Secrets. Apparently Randall Shane has a few of his own.

We’ve arrived at what appears to be the main building, having passed several low, modern outbuildings. Carriage house, guest cottage, maintenance shed, all very Long Island estate. Lush, illuminated landscaping that looks au naturel but isn’t, believe me. It’s all very tastefully planned, very big money.

The main structure is an artful arrangement of steel beams and smoked glass and daring architectural angles. Must be a million precisely weathered cedar shingles keeping out the rain. The property taxes probably exceed my yearly income. No wonder the owner has, apparently, been targeted for extortion—he’s got a lot to give.

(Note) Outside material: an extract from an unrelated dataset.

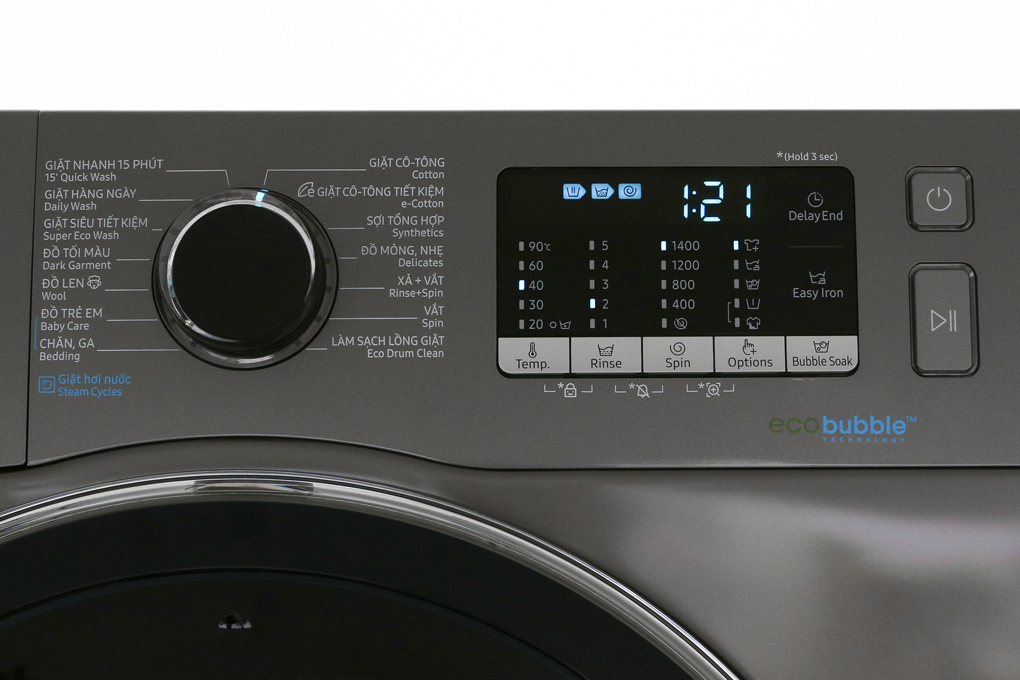 Với khối lượng giặt lên đến 21 kg, chiếc máy giặt Samsung này sẽ là sự lựa chọn lý tưởng cho gia đình đông thành viên hoặc có nhu cầu giặt giũ chăn mền lớn hay dùng cho bệnh viện, tiệm giặt ủi đều rất tốt.

Kelly’s boyfriend or flight instructor, whatever the hell he is, how did this happen? How did she find herself in this particular world?

Shane sets the parking brake and we get out. Lights come on, illuminating a wide, elaborately shingled portico. The oversize door opens—opaque green-glass panels set in a brushed-steel frame—and Edwin Manning staggers out, dressed more or less as we last saw him, with the exception of his face, which has been recently washed.

“Who are you?” he wants to know. Then he adds, in a voice so faint it seems to fade away, “Leave me alone. Just please leave me alone!”